[Source records]
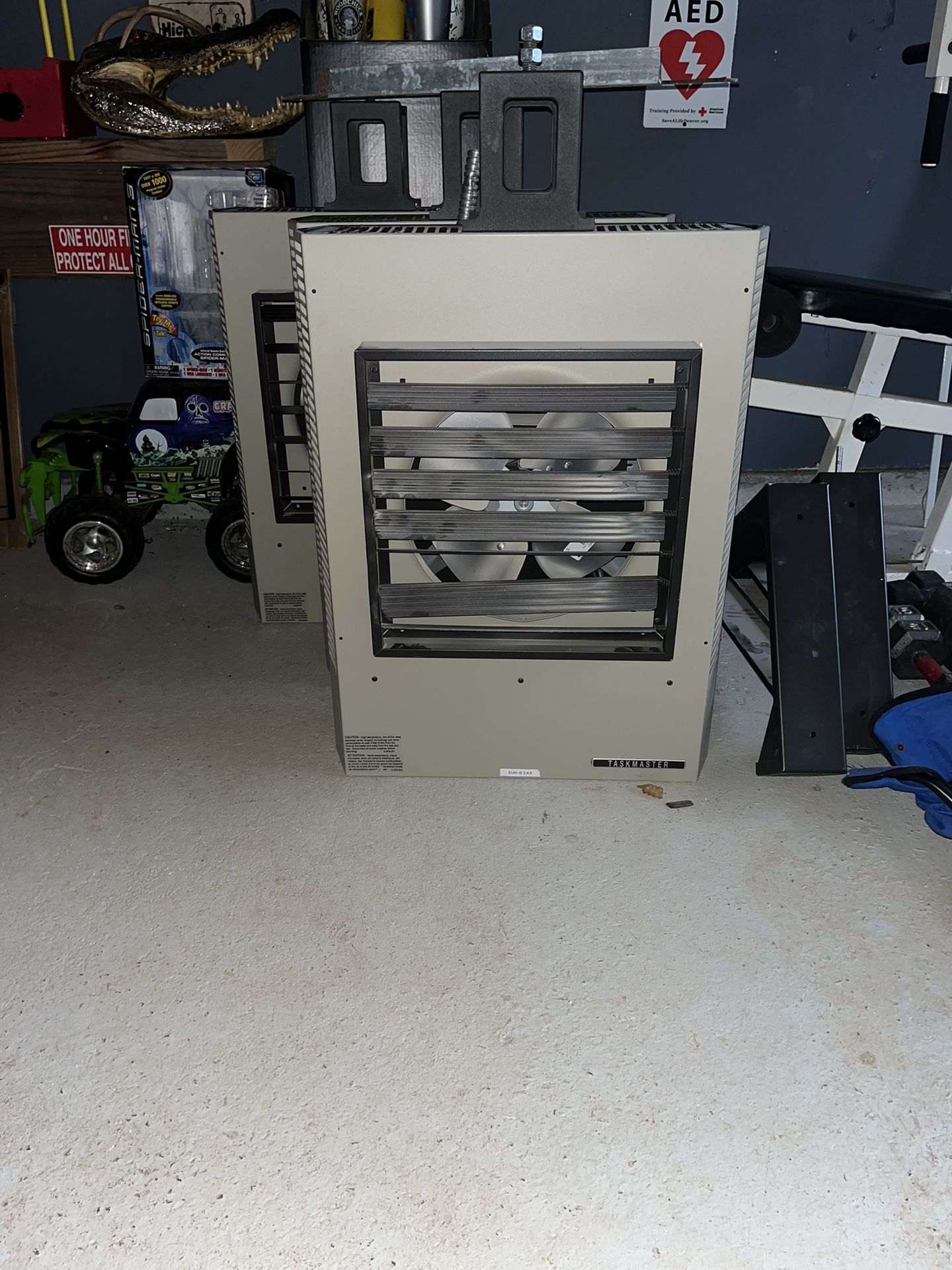 Hanging electric heater, with built in disconnect and temp control. Brand new, this heater was hung and never turned on. Willing to trade
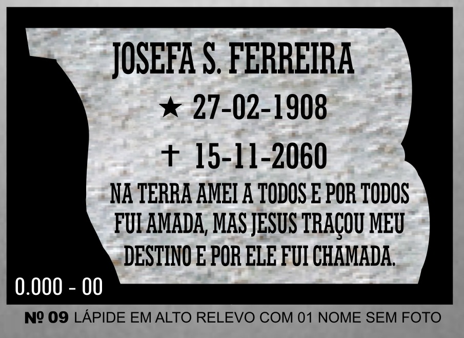 Lápide com 01 nome sem foto em alto relevo
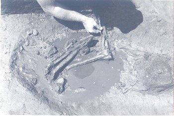 Burial 3 contained the semi-flexed inhumation of an adult female (see Appendix A). The burial pit, first observed at the top of the Zone III sand (Figure 11a), was oval-shaped with its main axis oriented northeast-southwest, and measured 1.2 meters by 50 cm. The individual was placed in the pit on her left side, facing northwest,.with the cranium at the southwestern end of the pit. The left arm was tightly flexed against the body with the hand below the chin, while the lower right arm extended outward across the left with the hand near the knees of the loosely flexed legs (Figure 12c). The pit intruded 20 cm. into the Zone III sand below present sealevel, resulting in poor condition of the bones from constant immersion in salt water (Figure 11b) and required constant pumping and sponging of the pit in order to clean and finally remove the skeleton. The pit was filled with typical midden soil and debris, including Colington ceramic specimens (Table 4) which date the burial to the Colington component.
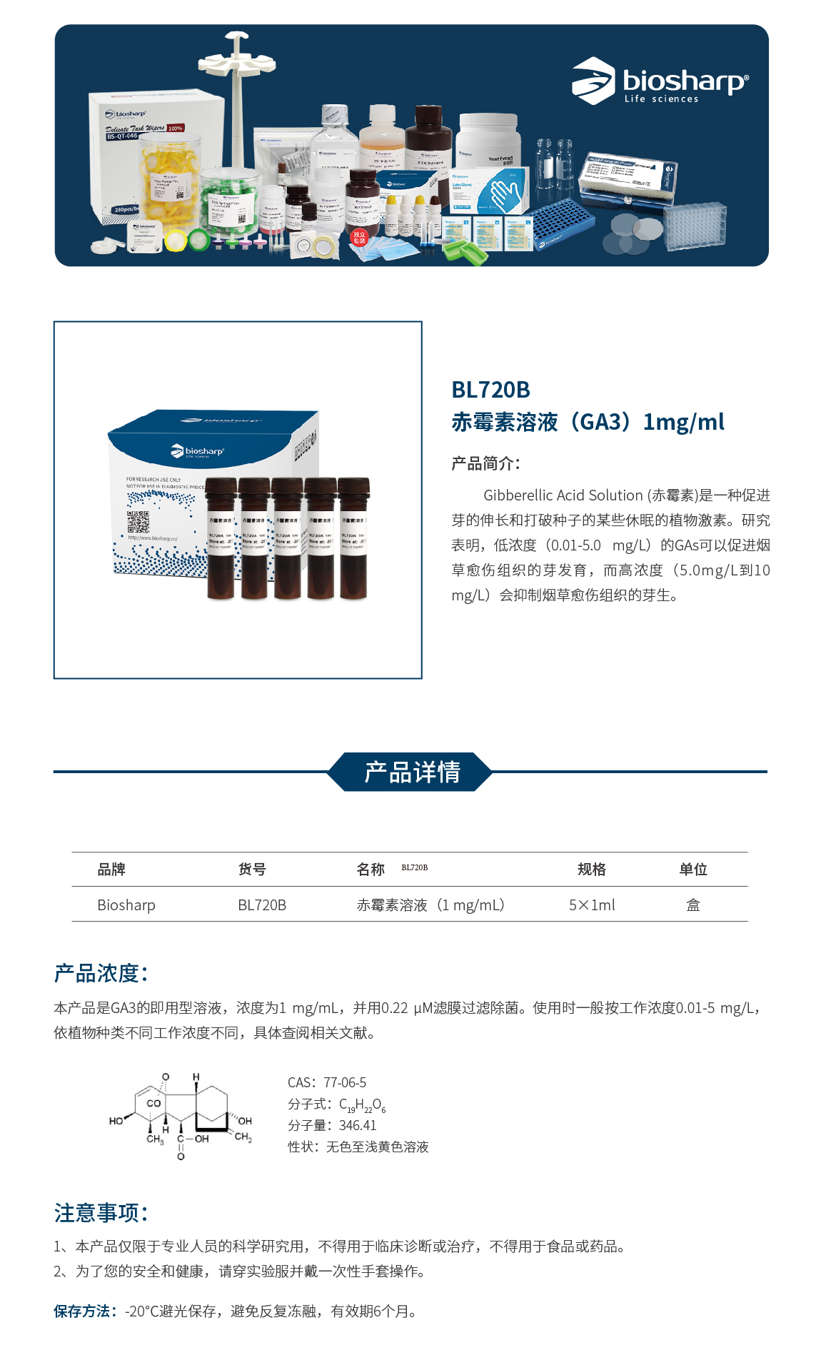 BL720B 赤霉素溶液(GA3)1mg/ml
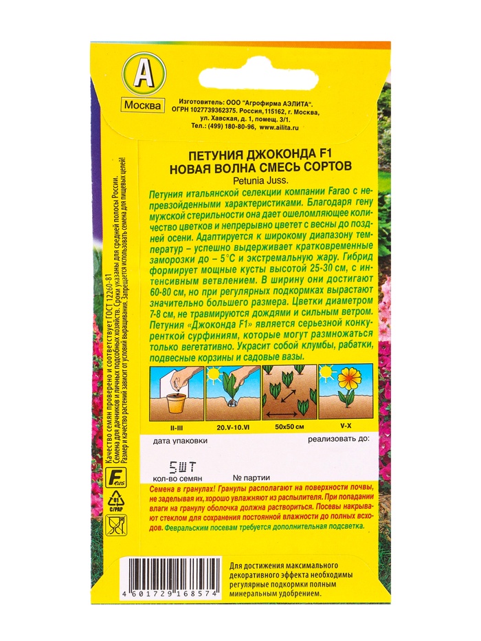 Семена цветов Петуния Джоконда F1 новая волна, смесь сортов (драже) С. Farao, Ц/П,5 шт. — Характеристики
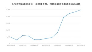 2023年9月,长安欧尚Z6新能源销量为4949辆,同比增长439.69%,环比增长6.45%。2022年09月-2023年09月份,长安欧尚Z6新能源销量为26119辆,同比增长2%。
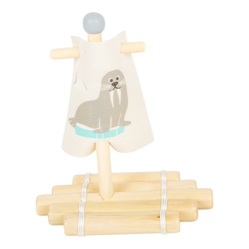 Dřevěný vor pro všechny malé námořníky. Hračka je vyrobena z kvalitního dřeva a na plachtě má vor vyobrazený obrázek mrože. Rozměry voru jsou cca 16 x 9 x 20 cm. Vhodné pro děti od 2 let.
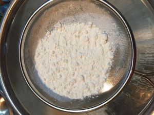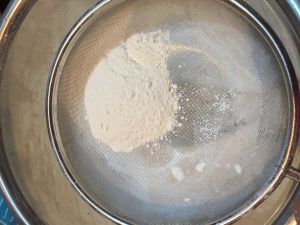 加入打散的蛋黄搅拌均匀,过筛面粉倒入用橡胶刀搅拌均匀,最后蛋酱再过筛一遍,这样口感会更细滑。
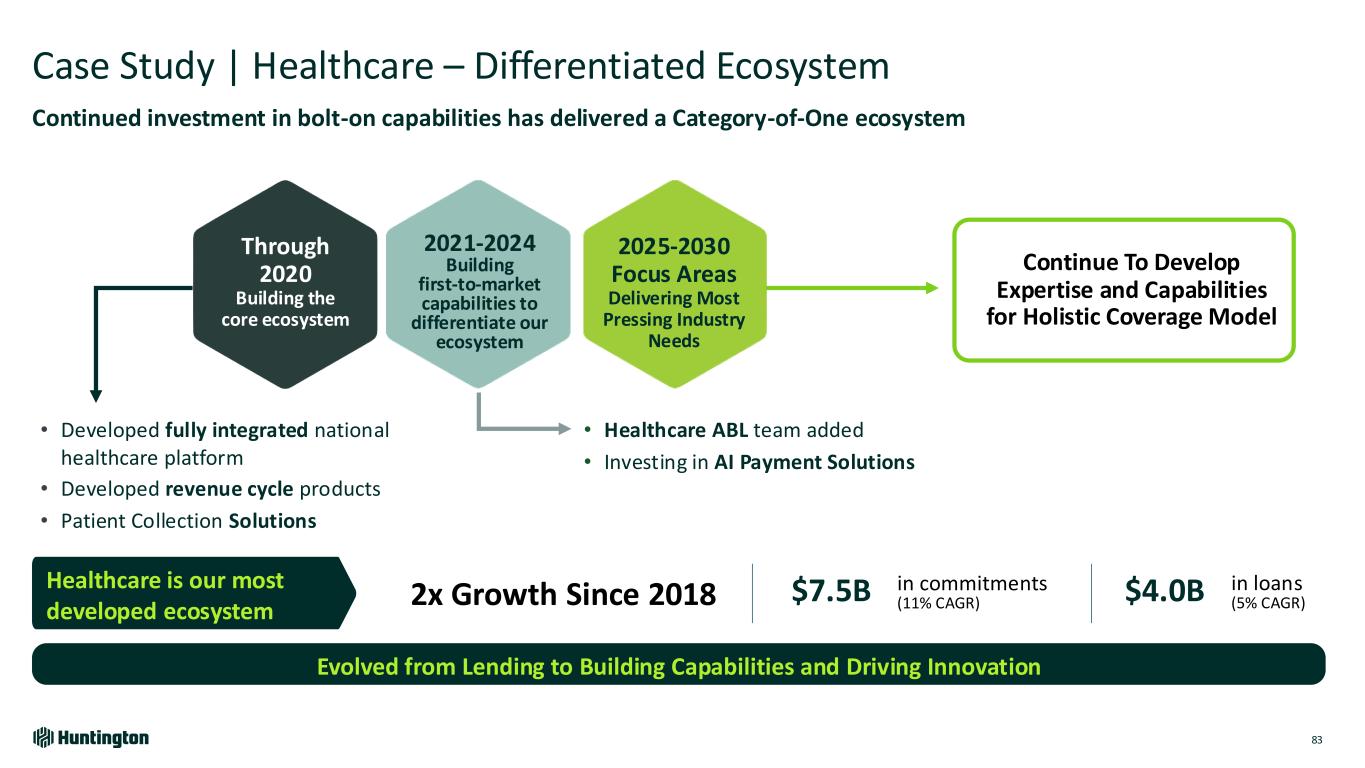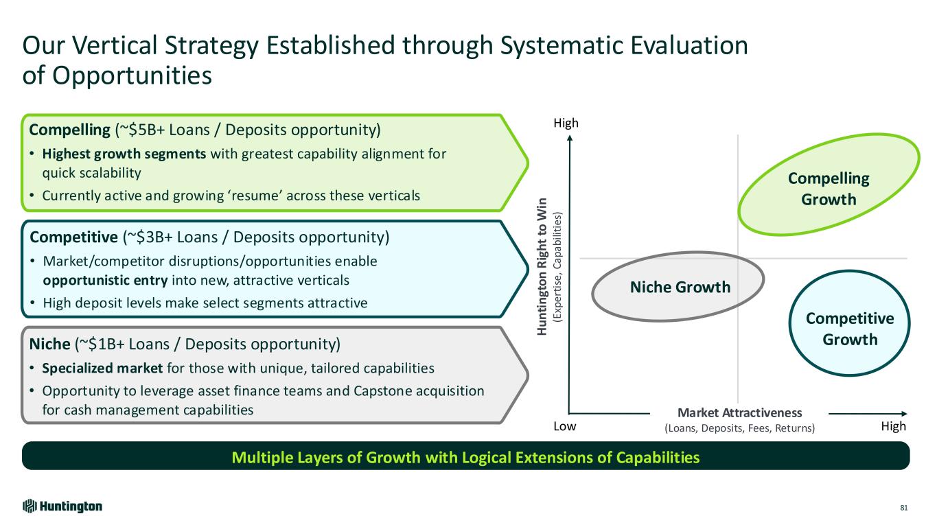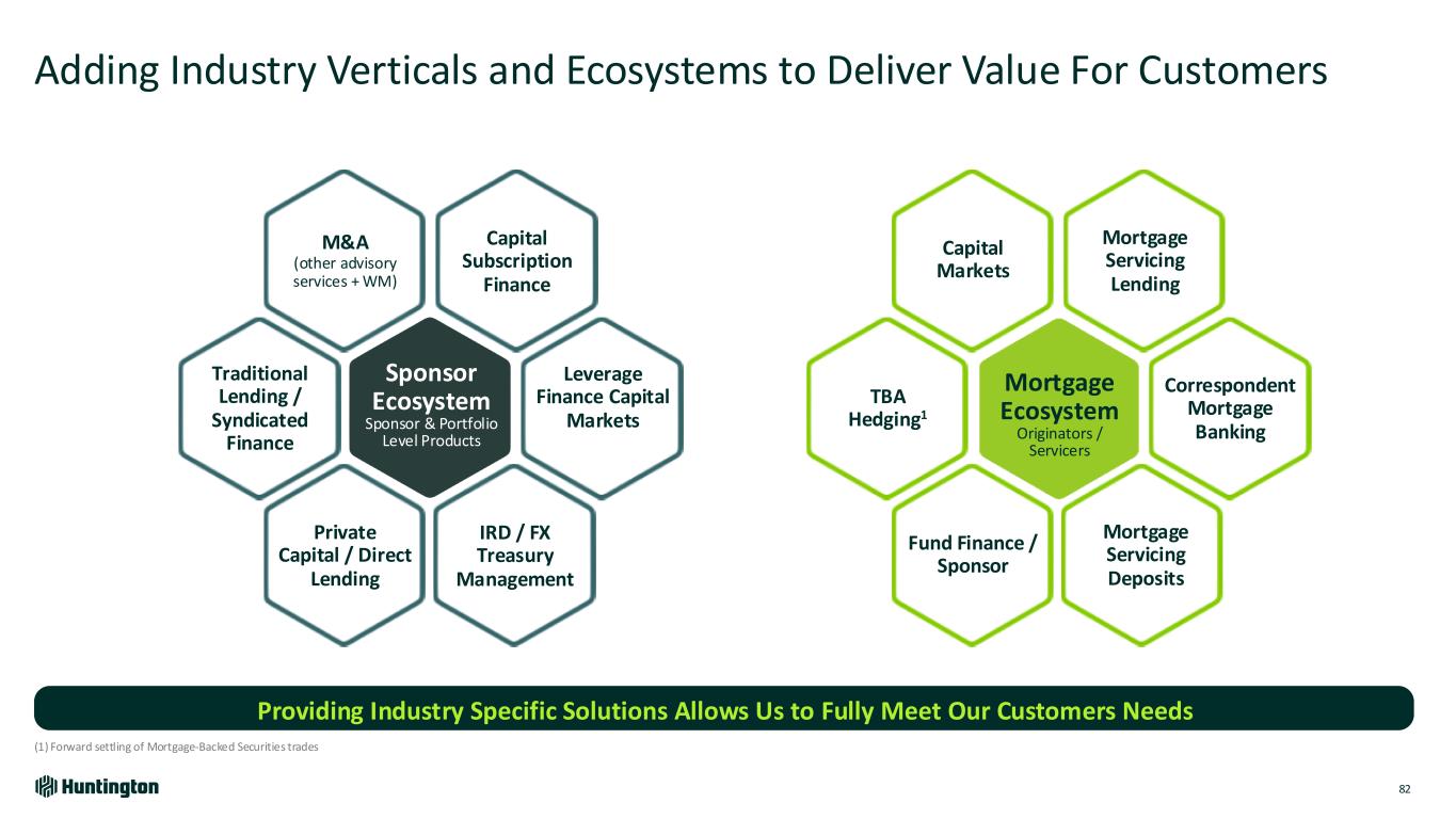 Our Vertical Strategy Established through Systematic Evaluation of Opportunities Multiple Layers of Growth with Logical Extensions of Capabilities Market Attractiveness (Loans, Deposits, Fees, Returns) Compelling (~$5B+ Loans / Deposits opportunity) • Highest growth segments with greatest capability alignment for quick scalability • Currently active and growing ‘resume’ across these verticals Low High H u n ti n gt o n R ig h t to W in (E xp er ti se , Ca pa bi lit ie s) Compelling Growth Niche Growth Competitive Growth High 81 Niche (~$1B+ Loans / Deposits opportunity) • Specialized market for those with unique, tailored capabilities • Opportunity to leverage asset finance teams and Capstone acquisition for cash management capabilities Competitive (~$3B+ Loans / Deposits opportunity) • Market/competitor disruptions/opportunities enable opportunistic entry into new, attractive verticals • High deposit levels make select segments attractive
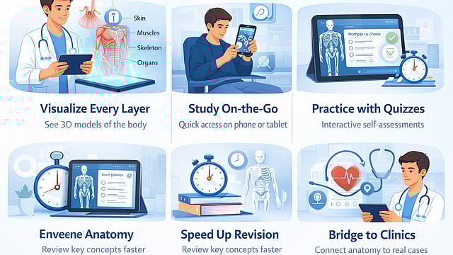 Modern anatomy apps offer interactive 3D visualization, self-paced learning, and clinical integration, making complex structures easier to understand and remember. For today’s medical students, these tools are not just optional, they are becoming essential companions alongside conventional learning methods.
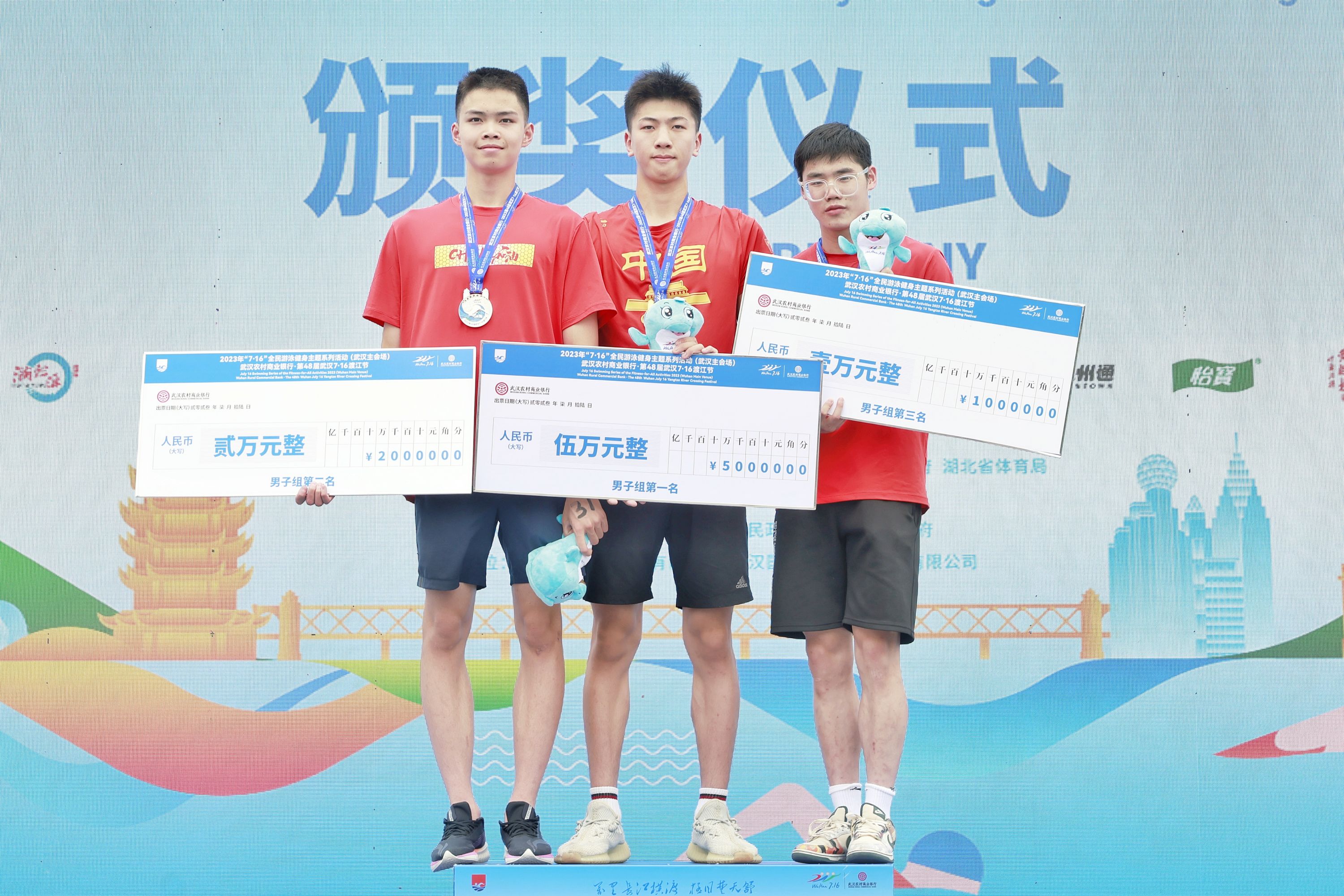 2023年武汉渡江节抢渡赛男子组前三名选手:第一名王宝骏(中),第二名徐海博(左),第三名陈鑫堃(右)。记者 胡冬冬 摄
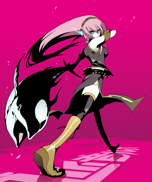 armletblack thighhighsbootsbrown bootscharacter namefishglowinghigh contrastjewelryknee bootslong hairlooking backpink backgroundpink hairthighhighstunawalking

Task to carry out — Starting at the line above that holds "Dřevěný vor pro", repeat every line exactly down to and including the line that holds "加入打散的蛋黄搅拌均匀,过筛", then stop. Do not carry over any pictures.

Result of this exercise —
 Dřevěný vor pro všechny malé námořníky. Hračka je vyrobena z kvalitního dřeva a na plachtě má vor vyobrazený obrázek mrože. Rozměry voru jsou cca 16 x 9 x 20 cm. Vhodné pro děti od 2 let.
 加入打散的蛋黄搅拌均匀,过筛面粉倒入用橡胶刀搅拌均匀,最后蛋酱再过筛一遍,这样口感会更细滑。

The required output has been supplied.